As regards the heat consumed in evaporation; it requires about 1000 times as much heat to convert 1 lb. of water into vapour, as it does to raise the temperature of the same quantity 1° F. At least as much heat as this must be supplied if the air which has been used in drying is to retain the same temperature it had at the outset, and therefore if a turret is to keep at a higher temperature than the air, which is necessary to create a draught, this is the minimum amount of heat which must be supplied per pound of water to be evaporated. In practice much more will be needed.
The following table shows the heat given out by different sizes of pipes at different temperatures, and steam pressures, in units equal to the heat required to raise 1 lb. of water 1° F., and the cubic feet of air which they will heat.[V]
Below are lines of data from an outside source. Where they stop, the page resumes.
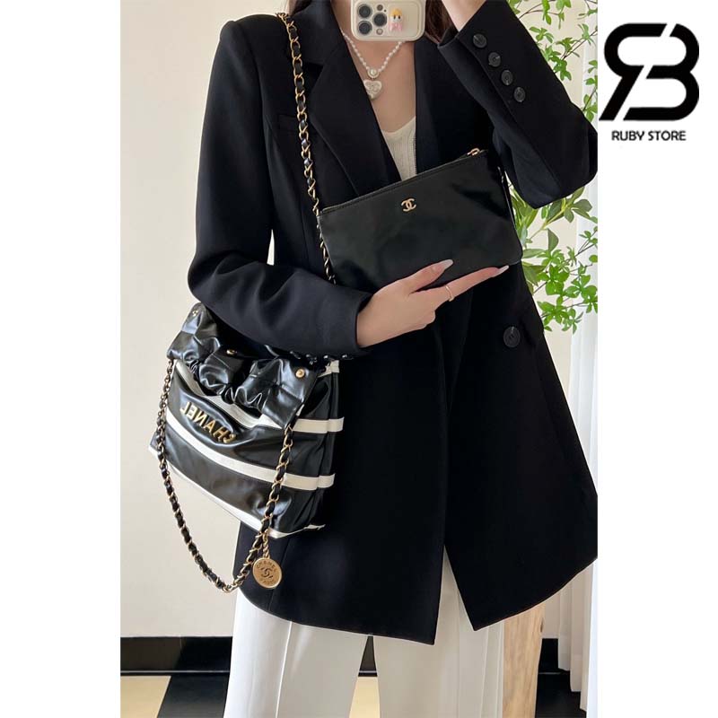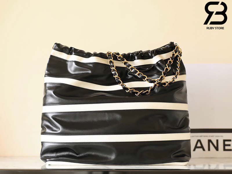 Tham khảo mẫu túi Chanel 22 Small Shopping Handbag Đen & Trắng Da Bê Bóng 34CM Best Quality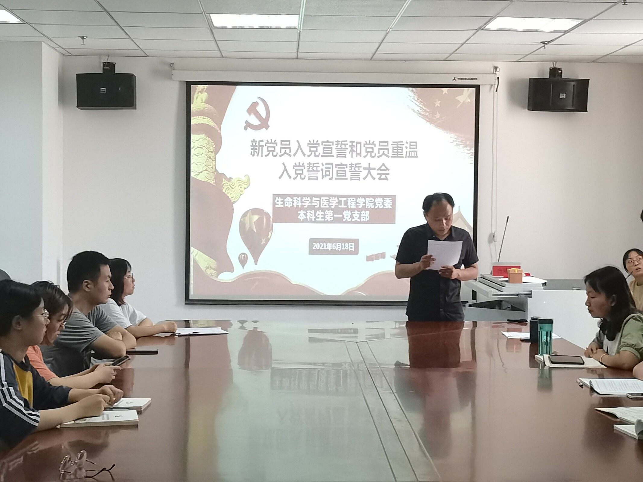 2021年6月18日下午5点, “一心向党、永远跟党走”主题党日活动之新党员入党宣誓和重温入党誓词仪式在科技楼716隆重举行。参加此次大会的有大学生党支部书记陈洪涛,辅导员范亚桢以及全体学生党员。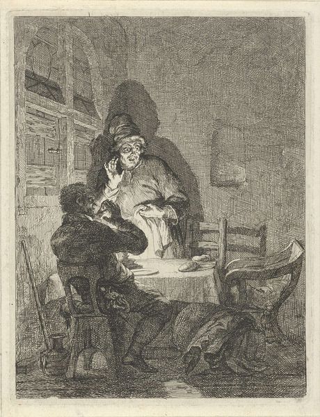 John Quidor's "Wolfert's Will" captures a moment of domestic drama with a unique eye. Here, we see a sick man in bed as a man sits in front of a table looking up and gesticulating at the man in the bed. This image evokes the theme of mortality, seen in art across time. Think of the memento mori in Dutch still life, reminding us of life's transience. Quidor’s scene presents a twist, turning serious reflection into the realm of the absurd. The gesture of the man seated at the table strikes me. Observe how it echoes the raised hand in countless scenes of annunciation, yet here it signals not divine news but earthly negotiation. This mirroring underscores a powerful force in art: symbols can evolve and invert, speaking to collective fears and desires. Quidor’s narrative approach reveals how images continually resurface, transformed by time, yet still resonant with historical echoes.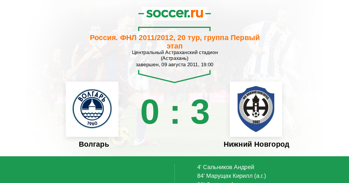 Протокол матча Волгарь-Газпром против Нижний Новгород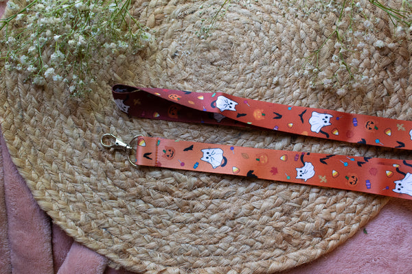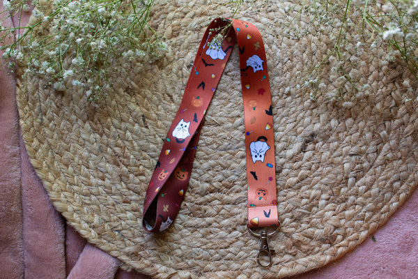 - Features an assortment of autumn leaves, ghost cats, candies, and cat pumpkins on an orange gradient background
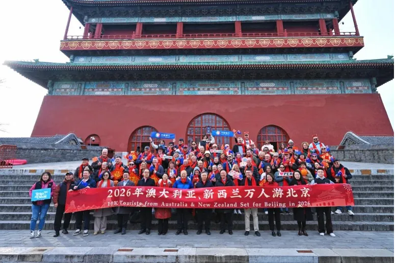 2月20日,“2026年澳大利亚、新西兰万人游北京首发团”欢迎仪式在鼓楼举行,首批60名澳新游客感受到了中国春节的浓浓年味。此次活动由中旅入境策划,采用分批来京形式,将一直持续至今年年底。中旅旅行还紧抓免签入境政策利好,在伦敦希思罗机场为赴华旅客举行新春送行仪式,航班抵达北京首都国际机场后,再为旅客送上新春大礼包,以全流程“送迎联动”推动中英文旅交流再升级。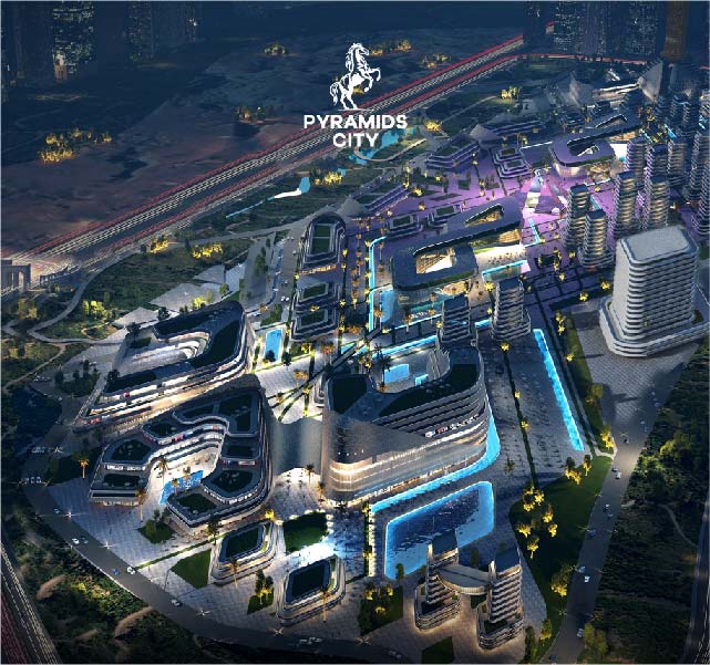 - PYRAMIDS CITY the first “Mega Mall” in the new capital in front of Al-Fattah Al-Aleem Mosque at the entrance of the new capital. PYRAMIDS City contains commercial, administrative and medical units. A huge commercial city plaza on 152.5 Acres.
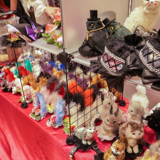 カラフルでキャッチーなアジアンテイスト小物が楽しい「MICHAEL3」さん。短い髪でも着けられるヘアアクセサリーを探求するうちに今のテイストに行き着いたとのこと。ブースではぬいぐるみに着せられる衣装や、着物をリメイクした衣装も販売していました。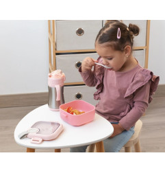 Caja almuerzo rosa con cuchara gris-Kiokids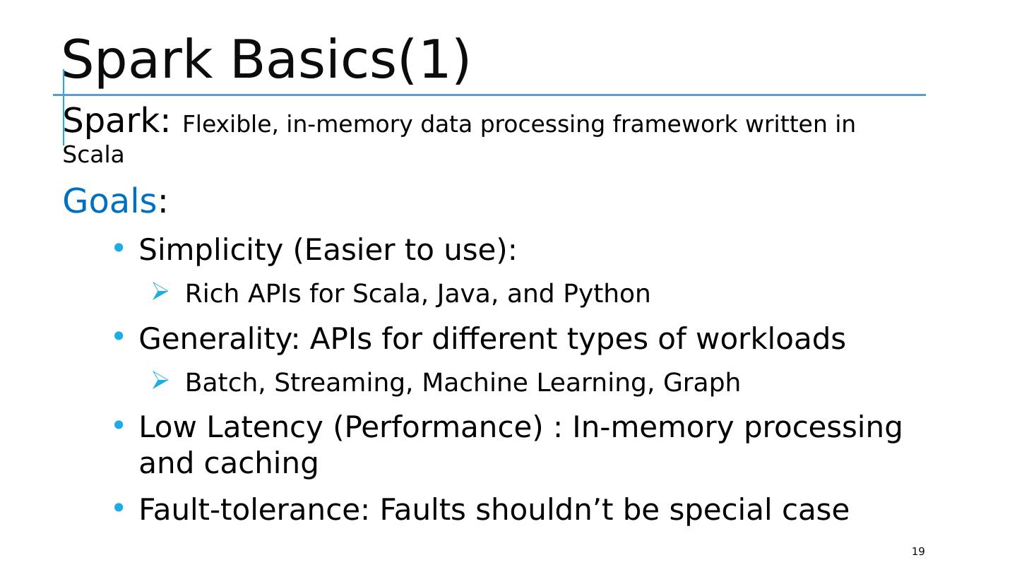 19 .Spark Basics(1) 19 Spark: Flexible, in-memory data processing framework written in Scala Goals : Simplicity (Easier to use): Rich APIs for Scala, Java, and Python Generality: APIs for different types of workloads Batch, Streaming, Machine Learning, Graph Low Latency (Performance) : In-memory processing and caching Fault-tolerance: Faults shouldn’t be special case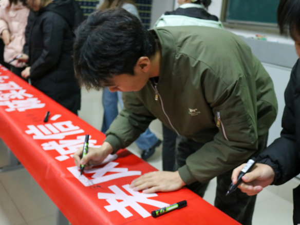 随后向同学们发放了诚信考试贴纸,小小的贴纸时刻提醒同学们将诚信意识铭记于心,外化于行,坚守底线,诚信应考。全体参会同学在诚信应考横幅上依次签字承诺。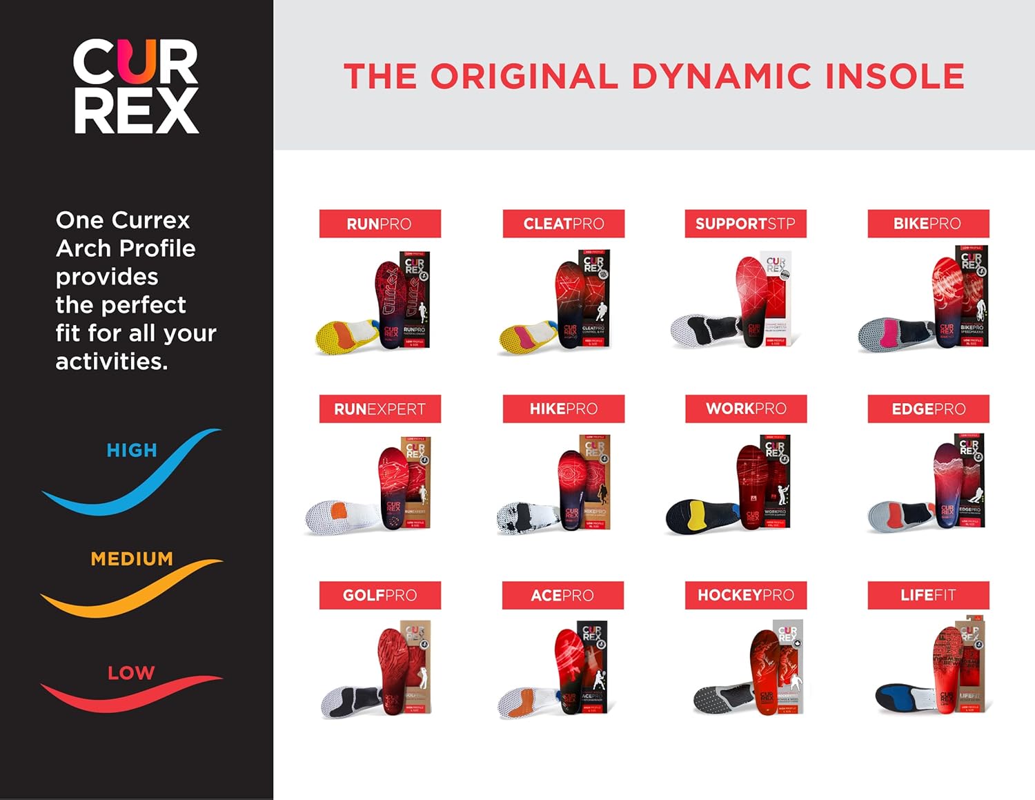 - Made for What Moves You: CURREX is the only insole company that offers a full line of activity-specific insoles customized to help improve how you move; whatever you or your family loves to do, from the workday through the weekend, CURREX makes moving more comfortable, leading to better performance and more fun

[V] To illustrate the use of such tables, the following example may be given. To dry 100 butts in a turret, each containing 20 lb. of moisture, at least 20 × 1000 × 100 = 2,000,000 units of heat will be required to replace the loss by evaporation alone. As a 4-in. pipe at 300° gives off 669 units per foot per hour (see Table III.), about 125 ft. would give off 2,000,000 units per day. If we compare this with Mr. Hepburn's practical experience, supposing the 4 working floors of his turret to hold 100 butts each (a low estimate), and to dry in 10 days; we have 540 ft. for 40 butts or 1350 ft. for 100 butts a day; showing that more than 10 times the minimum is required in practice. Of course this allows for weather in which the air must be heated considerably before it will dry at all, for heat that escapes uselessly at the top and sides of the building, and for the fact that the pipes are not heated the whole time, and probably, on the average, to a much lower temperature.
Table III.—Heating Effect of Pipes freely exposed to Air at 60° F.
| Temp. of Pipe. | Pressure of Steam per In. | Units of Heat per Ft.-run of Pipe per Hour. | Cub. Ft. of Air at 60° F. (151/2° C.) heated 1° per Ft.-run of Pipe per Hour. | ||||||
| 2 in. | 3 in. | 4 in. | 6 in. | 2 in. | 3 in. | 4 in. | 6 in. | ||
| ° F. | lb. | ||||||||
| 300 | 53 | 403 | 545 | 669 | 938 | 22235 | 28713 | 36919 | 51760 |
| 280 | 35 | 355 | 480 | 587 | 825 | 19582 | 26490 | 32387 | 45521 |
| 260 | 21 | 312 | 421 | 515 | 723 | 17218 | 23233 | 28421 | 39952 |
| 240 | 10 | 271 | 366 | 448 | 627 | 14946 | 20199 | 24717 | 34594 |
| 220 | 2·5 | 233 | 313 | 384 | 537 | 12858 | 17271 | 21184 | 29629 |
| 200 | .. | 195 | 263 | 322 | 452 | 10775 | 14507 | 17780 | 24967 |
| 180 | .. | 160 | 216 | 264 | 369 | 8830 | 11920 | 14573 | 20368 |
| 160 | .. | 128 | 172 | 210 | 295 | 7070 | 9487 | 11590 | 16300 |
It may be taken that 1/20 of the above volumes may be heated 20°, from 50° F. to 70° F., and so on; but if the average temperature is higher than 60° F., the duty will be less, and to obtain the same effect the pipe must be heated so much hotter as to keep the same difference as before between the pipe and air. Thus a pipe at 300° F. will only heat as much air at 80° F. as one of 280° F. will of air at 60° F.